Атахан бросился на зов. Сапоги вязли в песке, а сердце рвалось за перевал. Что там? Что? Предчувствие беды подгоняло. Спотыкнулся. Выпрямился. Прибавил шаг.

Главный механик подбежал к танкетке, прыгнул в нее, включил мотор, и гусеницы начали двигаться все быстрей и быстрей. Танкетка поравнялась с Атаханом, подхватила его, и они помчались к баракам… Вскарабкались на перевал. С гребня перевала Атахан и главный механик увидели четырех чернобородых кочевников — иомудов. Они печально размеренно покачивали головами в широких тельпеках. Пятый кочевник в стороне придерживал за веревки верблюдов.

Подбегали жители поселка, плотно обступали кочевников, что-то обсуждая. Все собравшиеся были взбудоражены, и никто не обратил внимания на то, что из двух опрокинутых в спешке кумганов вытекал драгоценный зеленый чай.

Приближалась танкетка. Все, увидев на ней Атахана, разом смолкли. Собака, жалобно заскулив, усилила внезапную тишину.

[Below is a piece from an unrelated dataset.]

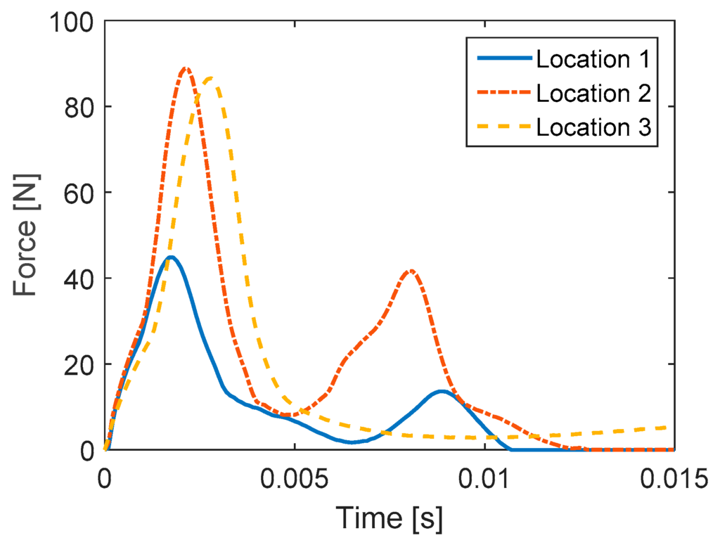 To obtain the actual impact histories that would be input for numerical simulation and to verify the numerical simulation results, impact tests were conducted by applying impact loadings on a steel cantilever beam on which a PVDF sensor was attached. The piezofilm lab amplifier [34] operating in charge mode was used for signal conditioning. Feedback capacitance of 100 nF was selected. The lower cut-off frequency and higher cut-off frequency were selected as 0.1 Hz and 100 kHz, respectively. The NI USB-4431 enabling four 24-bit simultaneous analog inputs was used for data acquisition. 10 kS/s was chosen for sampling rate and 1 kS/s for data windowing for real-time visualization of the PVDF sensor’s output response during the impact tests. One DT4-028 K/L PVDF sensor [35] was attached to the steel cantilever beam by a commercial double-coated adhesive tape. One edge of the PVDF sensor distances 30 mm from the fixed end of the cantilever beam (Figure 4). The impact hammer PCB 086C03 manufactured by PCB Piezotronics with a mounted plastic tip was used to apply impact force on the cantilever beam at the three impact locations illustrated in Figure 4. During the impact tests, impact signal was transmitted to the ICP sensor signal conditioner provided by PCB Piezotronics. A unit gain was set on the ICP signal conditioner. To verify the numerical simulation results, strain gages were also attached to the opposite side of the cantilever beam to obtain “true” strain (Figure 4). Typical impact force time-histories are shown in Figure 5. Impact force histories at locations 1 and 2 contain two peaks which are both due to the physical contact between the impact hammer and the cantilever beam. Particularly, the first peak represents the first time when the cantilever beam is collided by the hammer tip. The energy absorbed by the cantilever beam is then transformed to displacement of the cantilever beam’s free end, which mainly excites the first vibration mode. Right after the first collision, the hammer tip continues to move in the same direction as that of the cantilever beam’s free end due to the effect of inertia induced by the hammer’s weight and velocity. Approximately one to two milliseconds after the first collision, the hammer hits the tip of cantilever beam the second time, which causes the second impact. However, for impact at location 3 which is close to the fixed end, impact energy absorbed by the cantilever beam is transformed mainly into excitation of higher modes rather than displacement at the point of collision. Therefore, only one peak appears in the time history of impact at location 3. However, time history of impact rather than impact force magnitude (i.e., peak) was employed in the numerical simulation, which means impact force energy is taken into account in the prediction of the PVDF sensor’s output voltage in this study.

Застонал песок, сминаемый гусеницами танкетки.

Танкетка набрала скорость. Атахана бросило в жар. Не выдержал неизвестности, соскочил на полном ходу, побежал к толпе. Пытался что-то крикнуть, но только судорожно, беззвучно шевелил губами.

Толпа расступилась.

Увидев край разостланного у барака ватника, Атахан онемел, врос в землю, не мог оторвать расширенных глаз от прикрытого лохмотьями человека. Стало знобяще холодно, губы заледенели.

Атахан слышал, как дышат вокруг люди, потом перестал различать и это: видел бездыханное тельце, кожа обтянула ребра, колюче выступали ключицы. До синевы сожженная солнцем кожа смертной маской обтянула лицо ребенка.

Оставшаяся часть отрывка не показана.